- **WORK REQUIRED**:
Output the records exactly, and drop each picture.

___ MATERIAL SHOWN

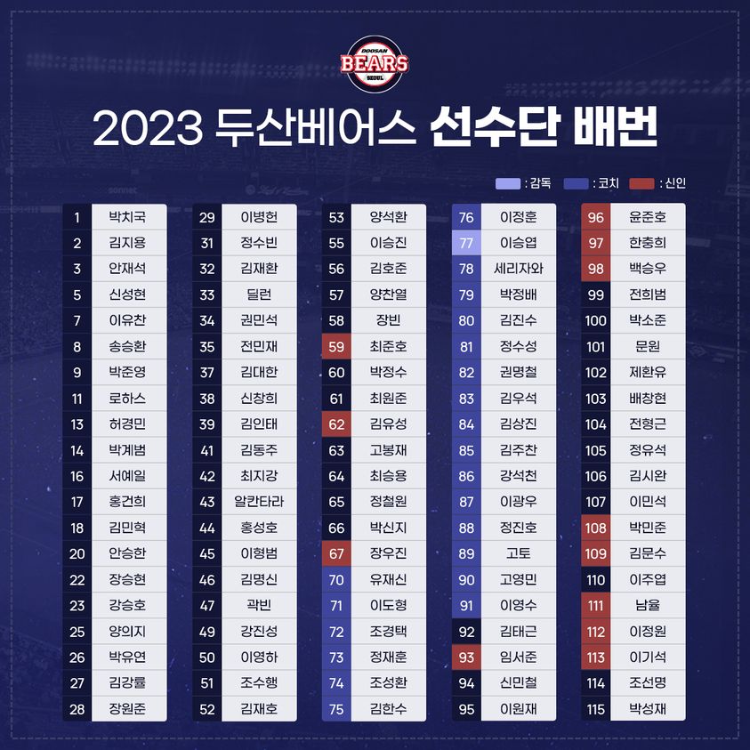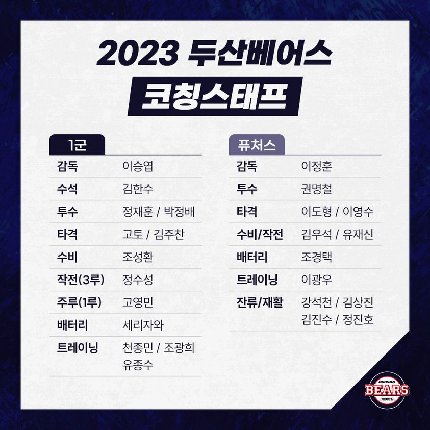 두산은 이승엽 감독외에도 1군 투수코치인 정재훈, 배영수, 퓨처스 투수코치인 권명철, 퓨처스 배터리 코치인 조경택, 퓨쳐스 트레이닝 코치인 이광우, 퓨쳐스 재활/잔류군 코치인 김상진을 제외한 모든 포지션의 변화가 있습니다. 정말 대대적인 변화네요.
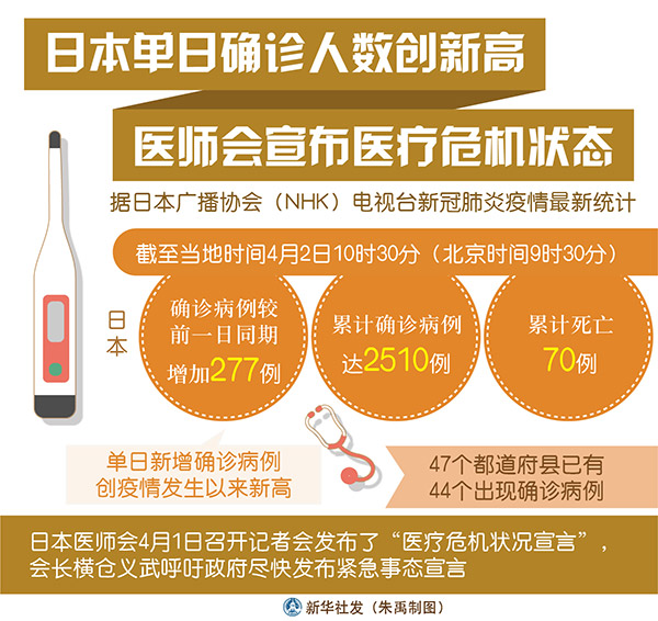 新華社東京4月2日電(記者華義)據(jù)日本廣播協(xié)會(NHK)電視臺新冠肺炎疫情最新統(tǒng)計,截至2日10時30分(北京時間9時30分),日本確診病例較前一日同期增加277例,單日新增確診病例創(chuàng)疫情發(fā)生以來新高。
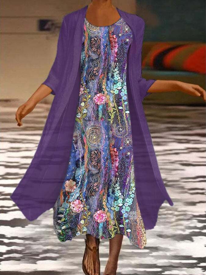 Floral Print Two Piece Dress
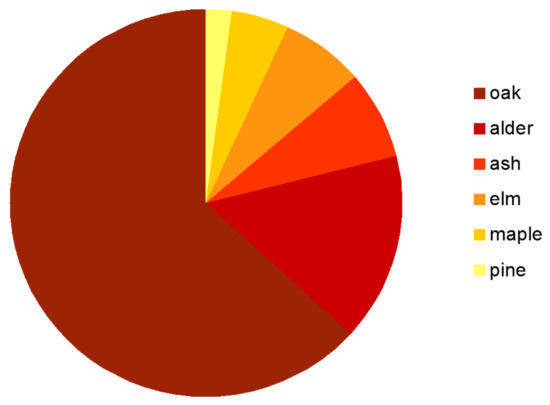 Altogether, 190 samples of wood from the Bruszczewo site were measured during this study. In the taxonomical composition, the oak wood dominated, with 120 samples belonging to this taxon. In addition to the oak, 30 alder, 14 ash, 13 elm, 9 maple and four specimens of pine (Pinus L.) were present (Figure 4). Among these wood samples, only pine is a gymnosperm genus and therefore reacts in a different way to the influence of external factors in comparison to the other, angiosperm species. Therefore, four samples classified as pine wood were excluded from further research. This decision also resulted from the fact that forest management systems discussed in this article are applied to broad-leaved trees. In addition, alder was also omitted because a specific type of growth characterises this taxon. Alder usually overgrows the wetland stands stretching along riverbanks and often located on unstable grounds. Such habitat is conducive to the frequent occurrence of reaction wood, the variable width of growth-rings, the lack of continuous growth at the entire circumference of the stem, and the existence of false rings. Therefore, these features should not be linked with the impact of forest management practices, but they instead result from natural variability of tree growth.
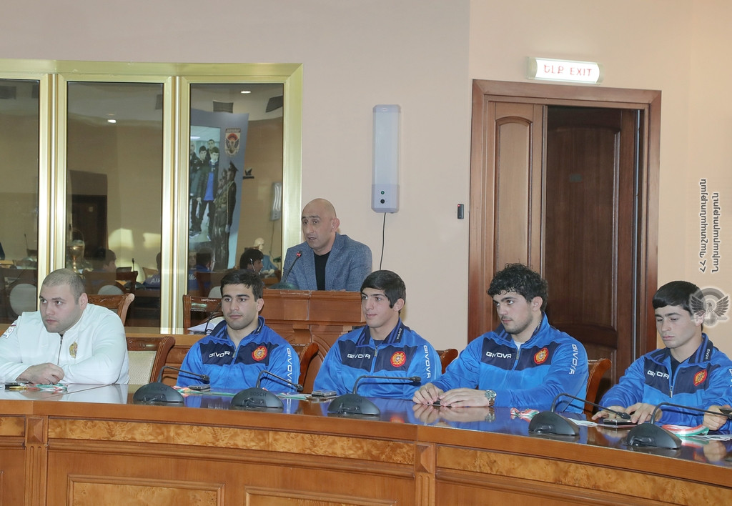 7 Января, 2022 18:217-го января в административном комплексе Министерства обороны Армении принимали военнослужащих-спортсменов ВС РА, участвовавших в чемпионатах мира среди военнослужащих по борьбе и боксу в 2021-м году, представителей видов спорта и тренеров.
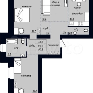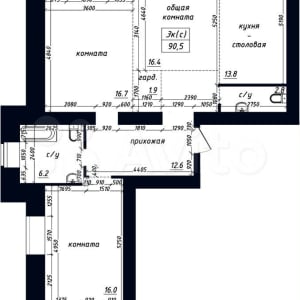 3-комнатная студия площадью 90,5 кв.м. от застройщика .
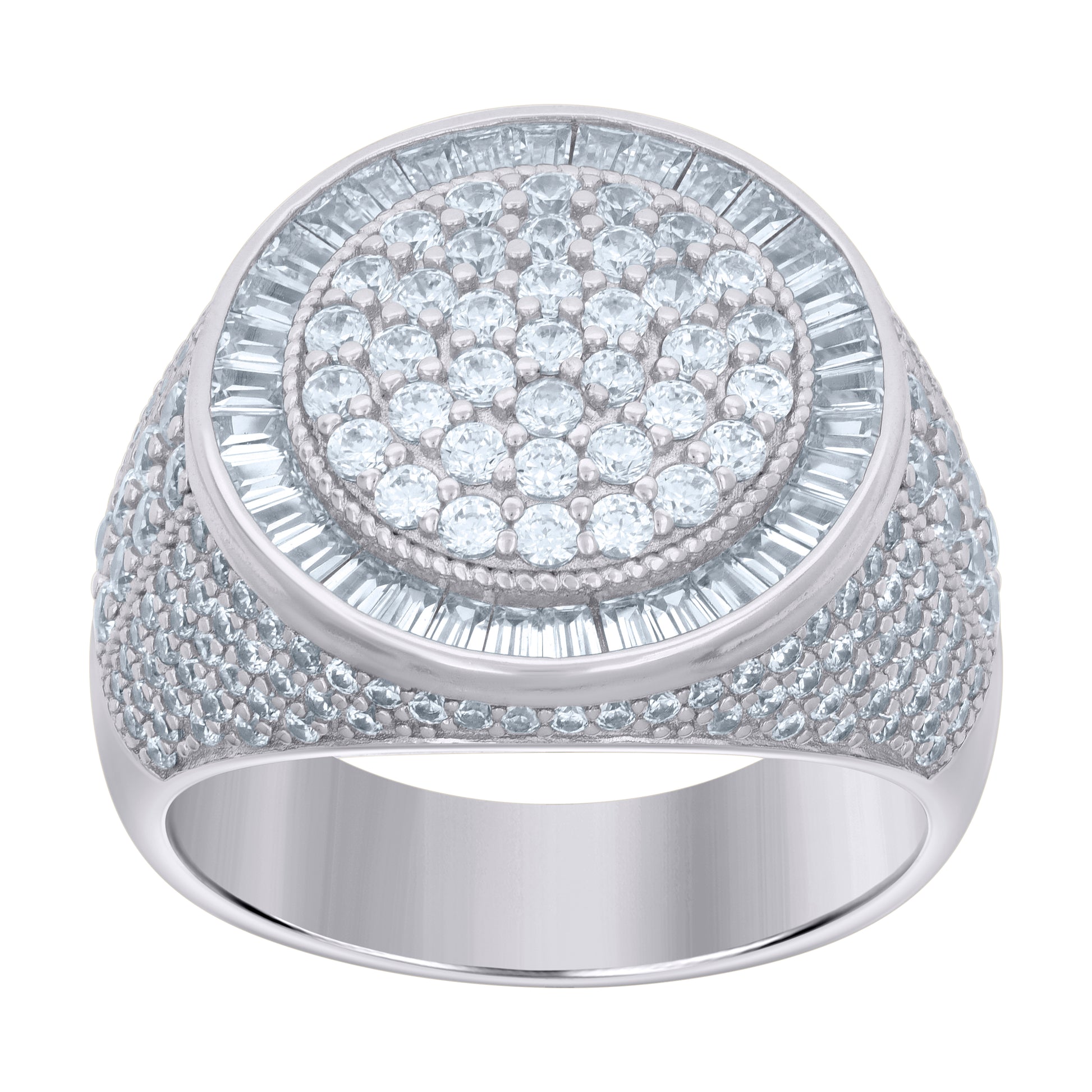 925 Sterling Silver Mens Baguette Round Cubic-Zirconia Fashion Ring Size 8

______

- **THE ANSWER**:
 두산은 이승엽 감독외에도 1군 투수코치인 정재훈, 배영수, 퓨처스 투수코치인 권명철, 퓨처스 배터리 코치인 조경택, 퓨쳐스 트레이닝 코치인 이광우, 퓨쳐스 재활/잔류군 코치인 김상진을 제외한 모든 포지션의 변화가 있습니다. 정말 대대적인 변화네요.
 新華社東京4月2日電(記者華義)據(jù)日本廣播協(xié)會(NHK)電視臺新冠肺炎疫情最新統(tǒng)計,截至2日10時30分(北京時間9時30分),日本確診病例較前一日同期增加277例,單日新增確診病例創(chuàng)疫情發(fā)生以來新高。
 Floral Print Two Piece Dress
 Altogether, 190 samples of wood from the Bruszczewo site were measured during this study. In the taxonomical composition, the oak wood dominated, with 120 samples belonging to this taxon. In addition to the oak, 30 alder, 14 ash, 13 elm, 9 maple and four specimens of pine (Pinus L.) were present (Figure 4). Among these wood samples, only pine is a gymnosperm genus and therefore reacts in a different way to the influence of external factors in comparison to the other, angiosperm species. Therefore, four samples classified as pine wood were excluded from further research. This decision also resulted from the fact that forest management systems discussed in this article are applied to broad-leaved trees. In addition, alder was also omitted because a specific type of growth characterises this taxon. Alder usually overgrows the wetland stands stretching along riverbanks and often located on unstable grounds. Such habitat is conducive to the frequent occurrence of reaction wood, the variable width of growth-rings, the lack of continuous growth at the entire circumference of the stem, and the existence of false rings. Therefore, these features should not be linked with the impact of forest management practices, but they instead result from natural variability of tree growth.
 7 Января, 2022 18:217-го января в административном комплексе Министерства обороны Армении принимали военнослужащих-спортсменов ВС РА, участвовавших в чемпионатах мира среди военнослужащих по борьбе и боксу в 2021-м году, представителей видов спорта и тренеров.
 3-комнатная студия площадью 90,5 кв.м. от застройщика .
 925 Sterling Silver Mens Baguette Round Cubic-Zirconia Fashion Ring Size 8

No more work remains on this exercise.